During his keynote the chairman additionally highlighted the growing partnership Audi has established with software and hardware engineering firm NVIDIA. Jenson Huang, NVIDIA’s founder and CEO, was available to clarify his company’s latest Tegra a pair of system that currently powers the A8’s MMI.
According the Huang, Tegra a pair of is already powerful enough to form what he calls “virtual cockpits”, or those cockpits with totally digital displays and instruments.

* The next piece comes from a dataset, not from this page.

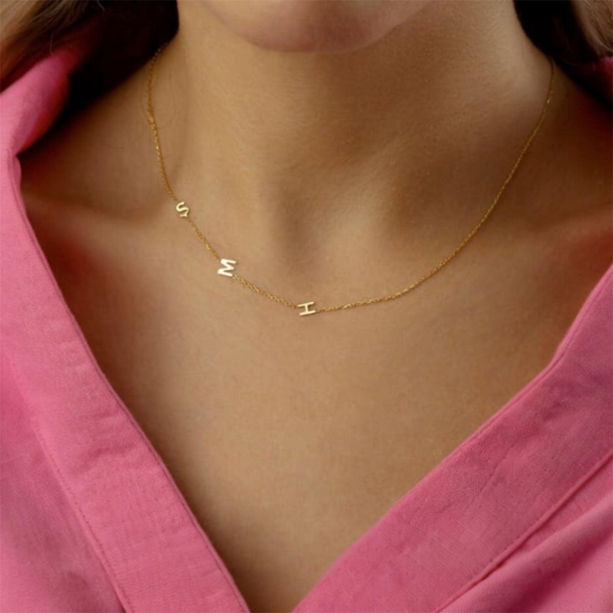 The letter detail is placed sideways on the chain, creating a clean and modern look suitable for everyday wear.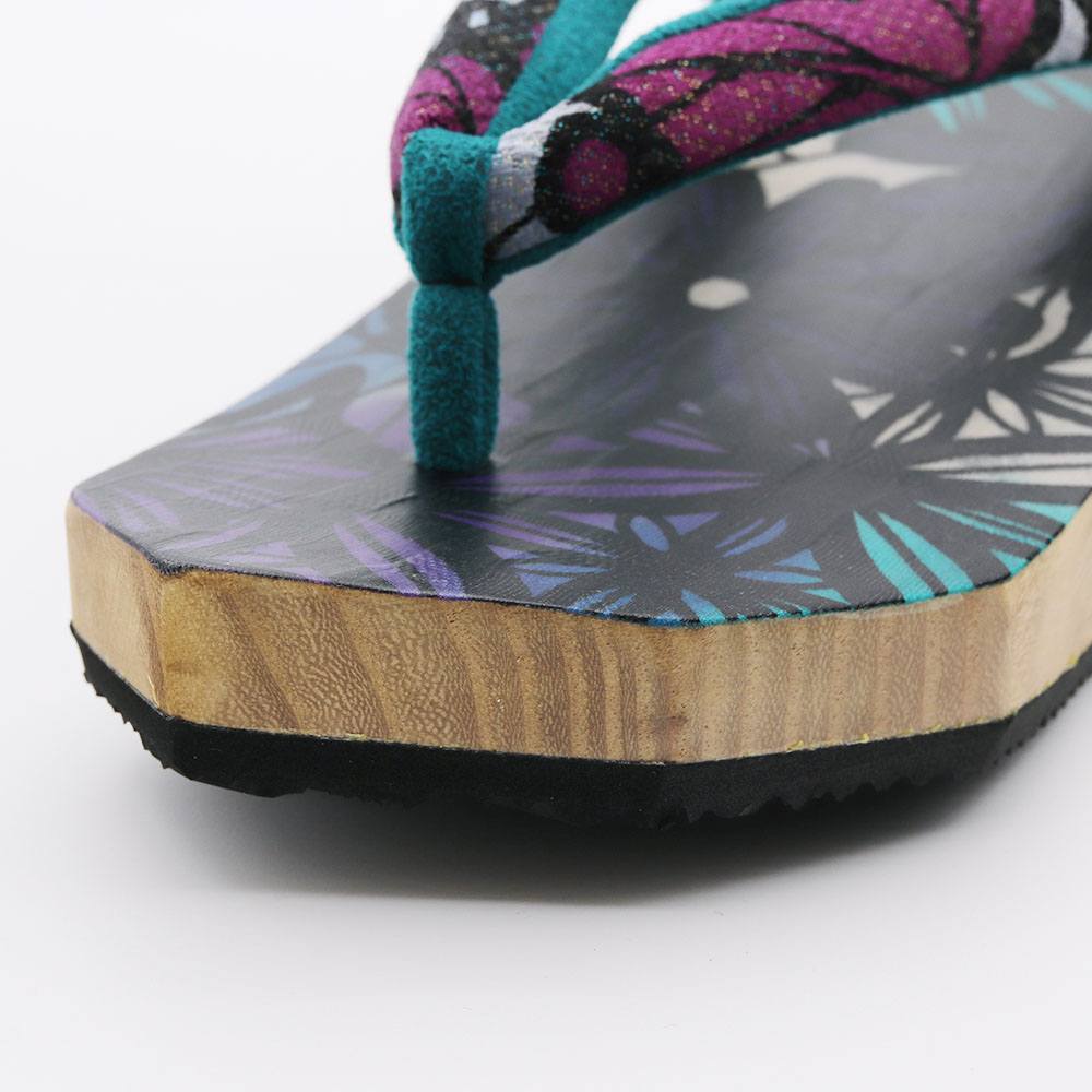 角ばったフォルムは、履いた時に指がはみ出さないように考えられたデザイン。鼻緒も台に合わせてひとつひとつ選ばれているので、全体を通して完成度の高い仕上がりになっています。

“Doing a digital cockpit is unimaginable difficult,” Huang said. “The reason for that's that it's to possess crystal clear graphics, it's to render at sixty frames per second, and it's to appear realistic to the user. this can be the direction we’re going into.”
Such user interfaces are capable of nice visual feats.
“We will simulate any material,” Huang noted. “We will simulate metal. we are able to simulate aluminum or wood. however during this specific one (he points to a projected image) we’re simulating glass. And you'll be able to notice all the varied reflections, refractions, shadows and lighting.”
Stadler concluded with a prediction that looks all the additional plausible with every passing CES.
“Ultimately we tend to see a world where the automobile is totally connected to the globe of the net, to alternative cars, still on traffic and alternative knowledge streams. The automobile of the longer term is an element of the mobile world, in each sense of that word.”